═════ Dataset records ═════

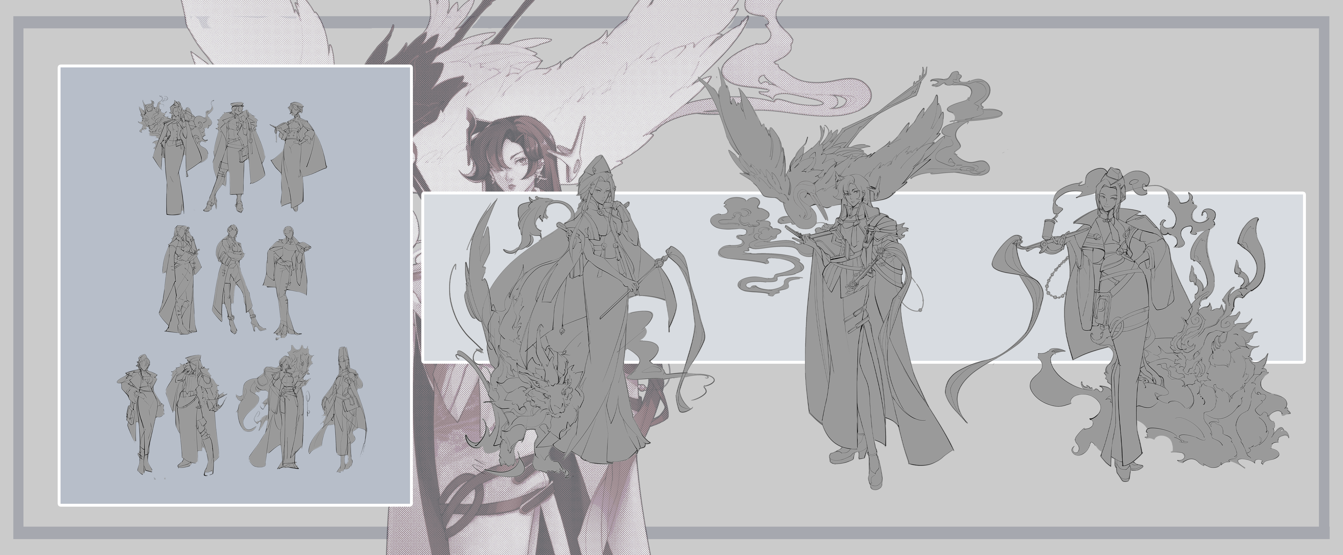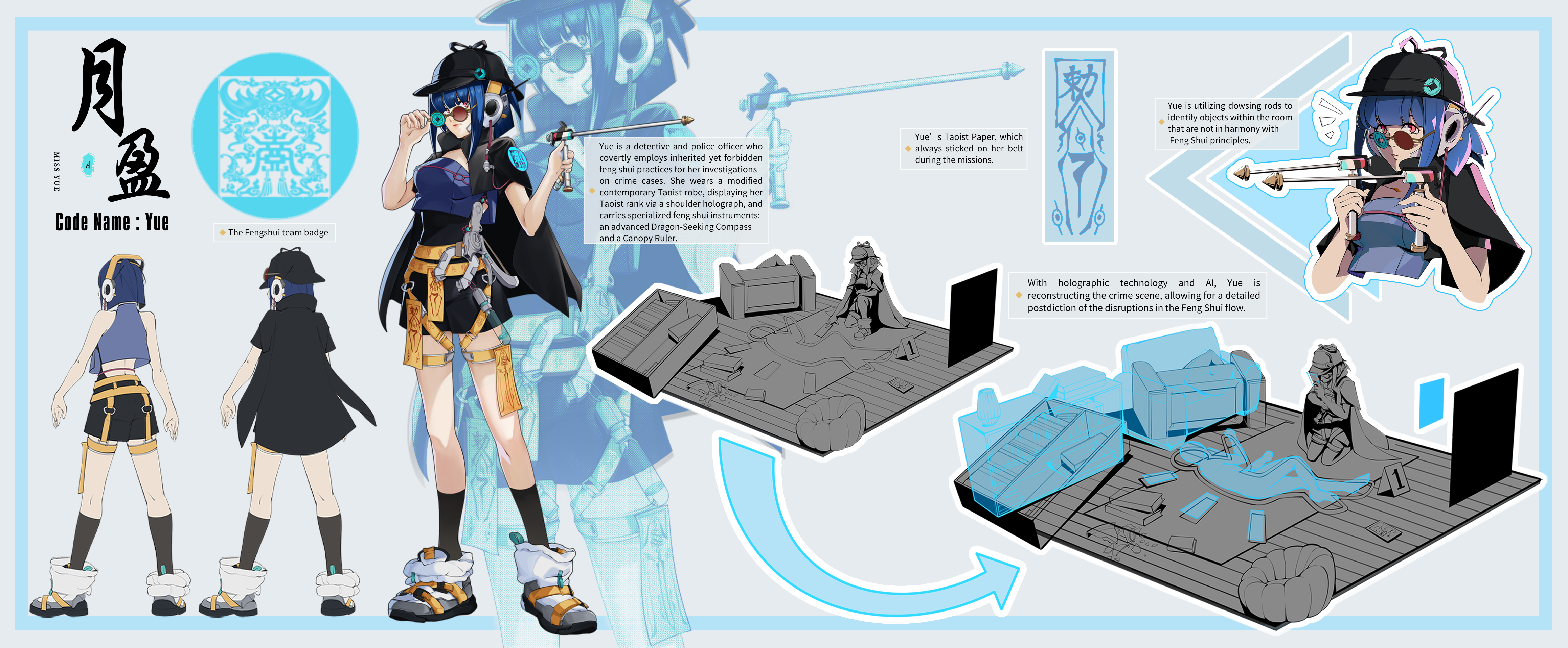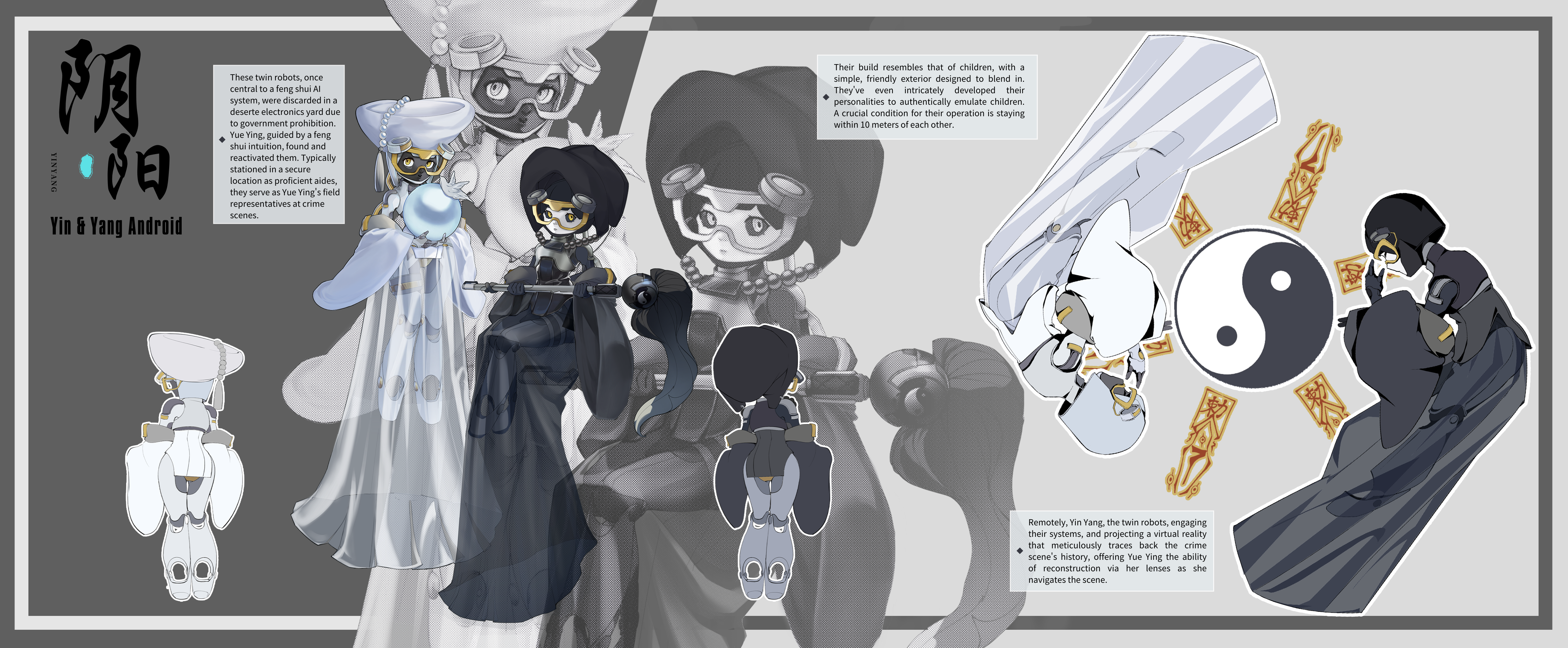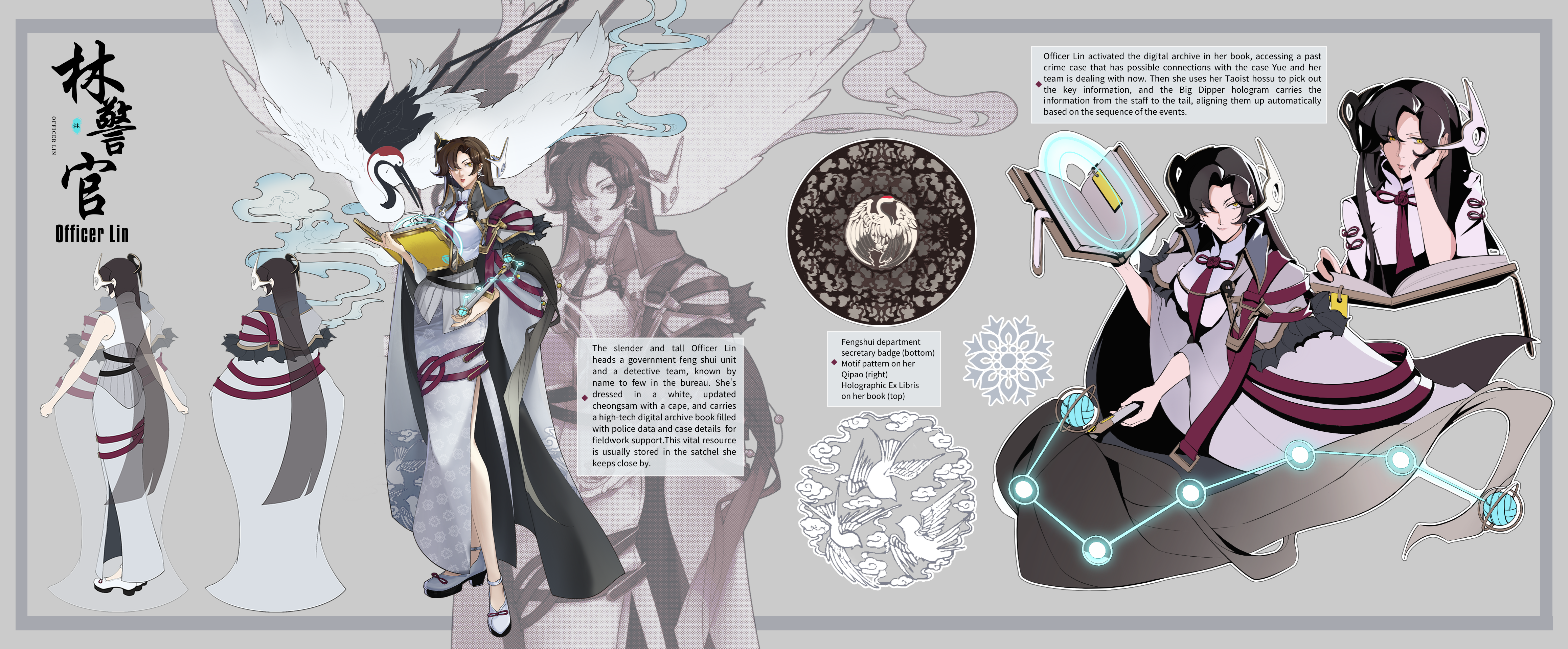 Character design concept completed as my personal project during summer 2023. This is one furthur take of a previous story concept which was my school work. The story taken place in a world where the traditional art of Feng Shui is combined with the usage of super AI to make predictions, where the technology is later banned by the government amid worries of religional and societal upheavals it possibly brings.
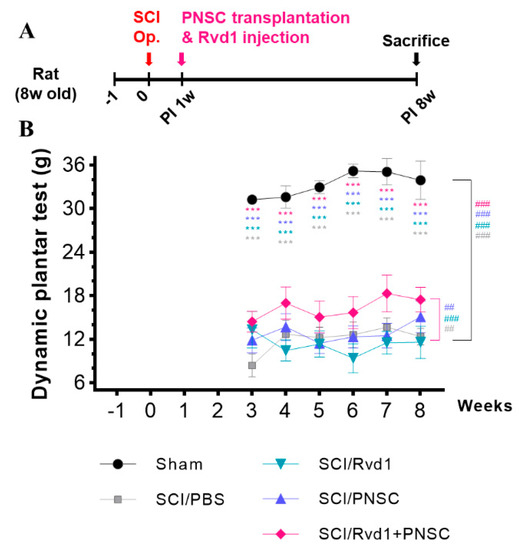 Pain mitigation through combined therapy. (A) Schematic diagram of experiments. (B) Mechanical allodynia was evaluated using the dynamic plantar test. Testing began 3 weeks after SCI and continued until the 8-week mark. All data were statistically processed using two-way analysis of variance coupled with Tukey’s multiple comparisons test. Multiple comparisons results expressed by *** p < 0.001. And analysis by linear mixed effects model is expressed to ## p < 0.01, and ### p < 0.001.
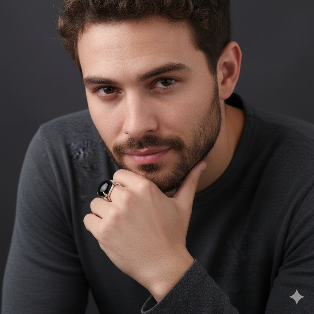 Protection Bezel Ring Flexi Size | Black Obsidian – For Men | Includes: Ring
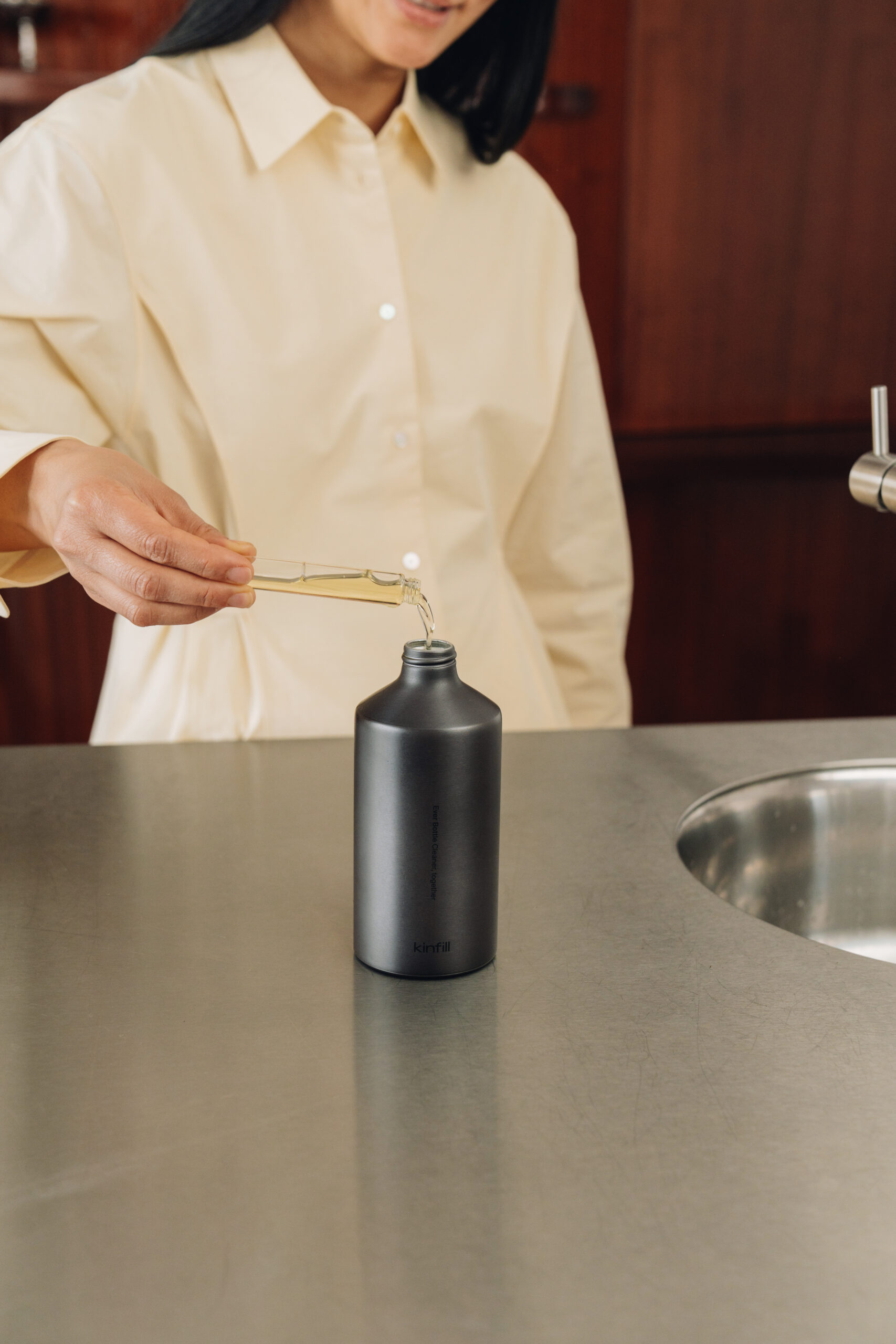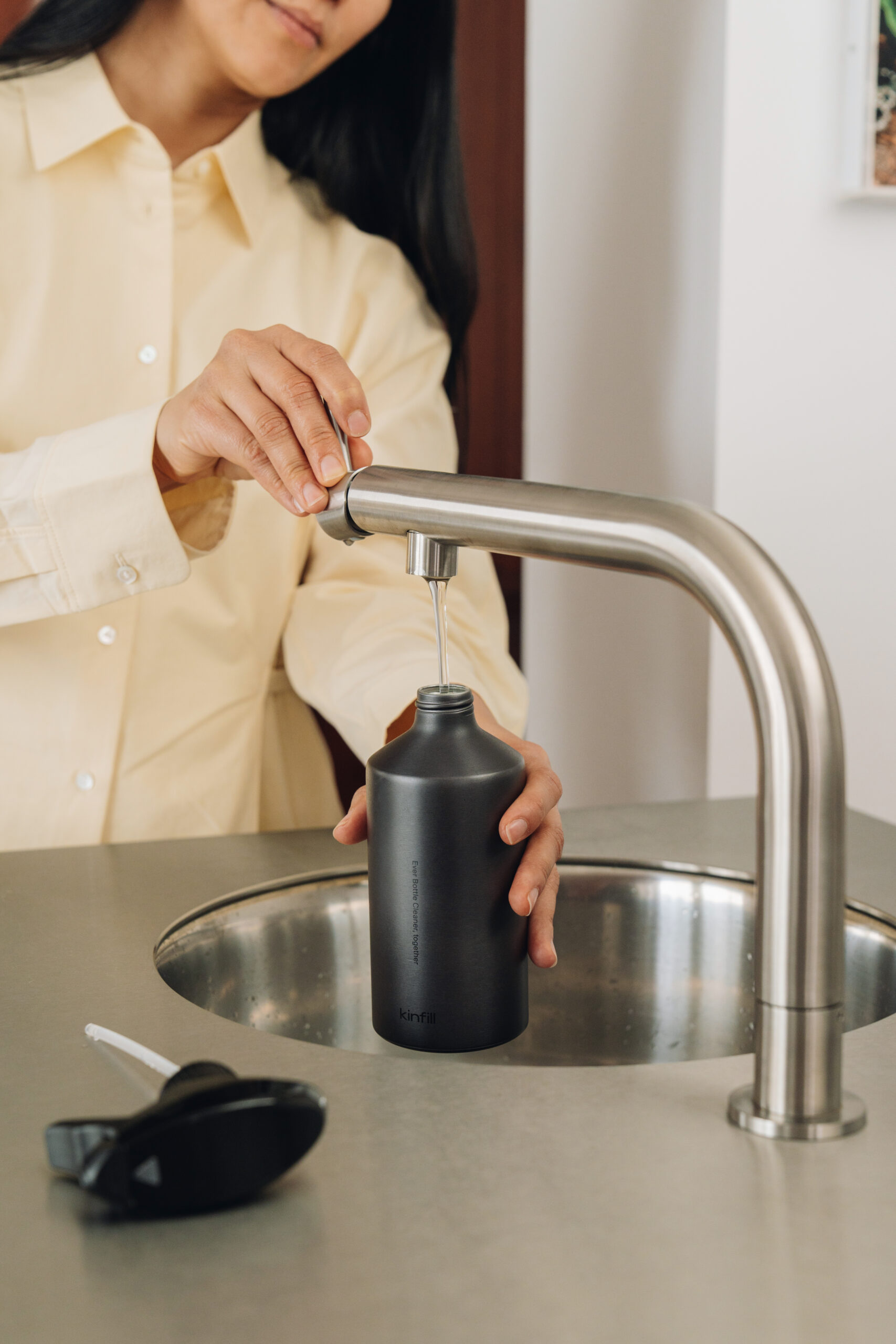 Sjálfbær lífsstíll á einfaldan hátt. Áfyllingarkerfið hjá Kinfill fjarlægir einnota plast og lágmarkar útsetningu fyrir örplasti í daglegu lífi þínu til frambúðar. Þú verslar flöskuna einu sinni og eftir það áfyllingu eftir þörfum.
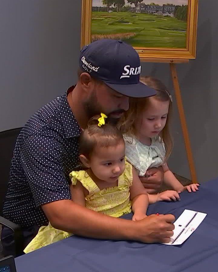 J.J. Spaun tekent na de US Open zijn scorekaart. Samen met dochtertjes Emerson en Violet.
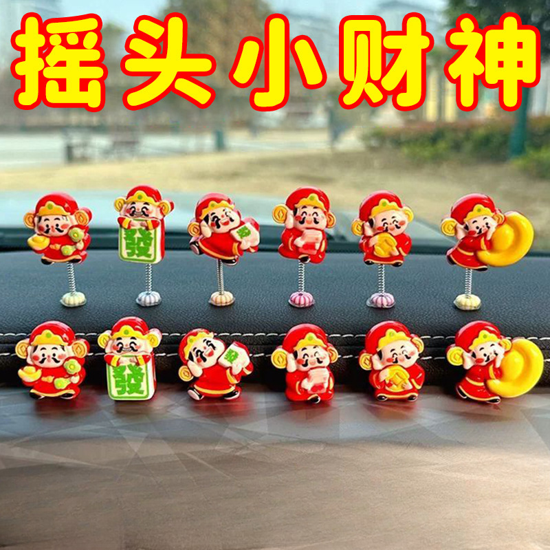 2025新型の財神爺は車の上でかわいいアニメの置物を飾っています。
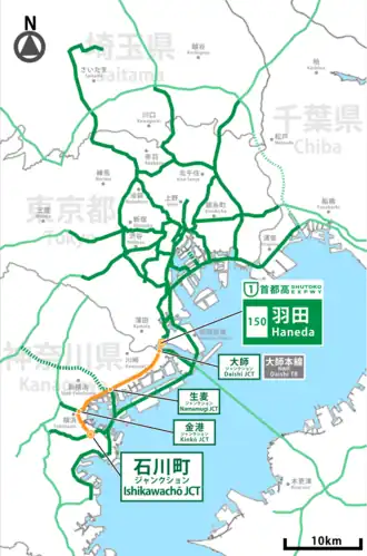 | Tokyo | Ōta | 0.0 | 0.0 | 150 | Haneda | Northern terminus, expressway continues north as the Haneda Route | |
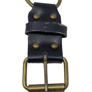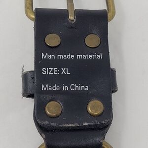 This belt has a story to tell, adorned with brass studs and a unique design that harkens back to days of old. Crafted from man-made materials, it adds a touch of rugged elegance to any ensemble, perfect for those who cherish both style and history.
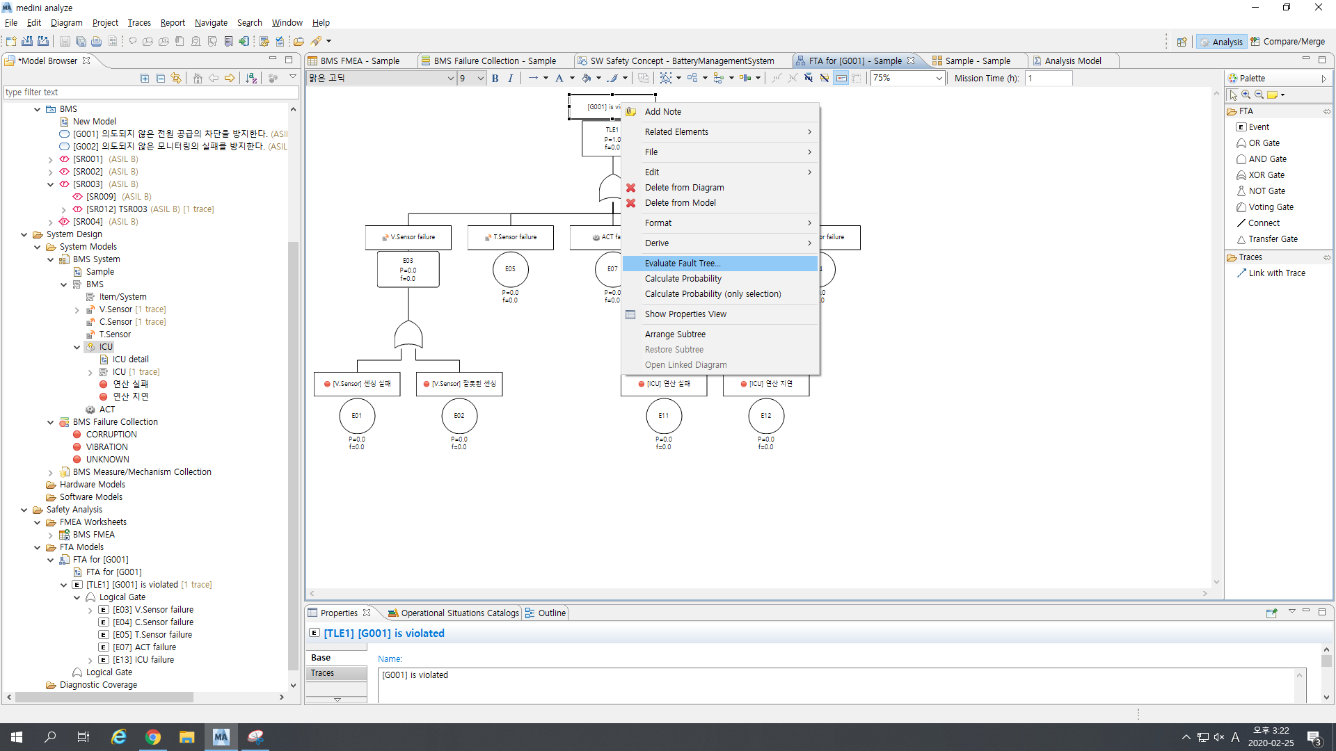 Evaluate Fault Tree를 통해 Single/Mulit Point Fault를 확인할 수 있다.

═════

Problem to solve:
Return the listing above in full and unaltered. Keep the pictures out.

Written answer:
 Character design concept completed as my personal project during summer 2023. This is one furthur take of a previous story concept which was my school work. The story taken place in a world where the traditional art of Feng Shui is combined with the usage of super AI to make predictions, where the technology is later banned by the government amid worries of religional and societal upheavals it possibly brings.
 Pain mitigation through combined therapy. (A) Schematic diagram of experiments. (B) Mechanical allodynia was evaluated using the dynamic plantar test. Testing began 3 weeks after SCI and continued until the 8-week mark. All data were statistically processed using two-way analysis of variance coupled with Tukey’s multiple comparisons test. Multiple comparisons results expressed by *** p < 0.001. And analysis by linear mixed effects model is expressed to ## p < 0.01, and ### p < 0.001.
 Protection Bezel Ring Flexi Size | Black Obsidian – For Men | Includes: Ring
 Sjálfbær lífsstíll á einfaldan hátt. Áfyllingarkerfið hjá Kinfill fjarlægir einnota plast og lágmarkar útsetningu fyrir örplasti í daglegu lífi þínu til frambúðar. Þú verslar flöskuna einu sinni og eftir það áfyllingu eftir þörfum.
 J.J. Spaun tekent na de US Open zijn scorekaart. Samen met dochtertjes Emerson en Violet.
 2025新型の財神爺は車の上でかわいいアニメの置物を飾っています。
 | Tokyo | Ōta | 0.0 | 0.0 | 150 | Haneda | Northern terminus, expressway continues north as the Haneda Route | |
 This belt has a story to tell, adorned with brass studs and a unique design that harkens back to days of old. Crafted from man-made materials, it adds a touch of rugged elegance to any ensemble, perfect for those who cherish both style and history.
 Evaluate Fault Tree를 통해 Single/Mulit Point Fault를 확인할 수 있다.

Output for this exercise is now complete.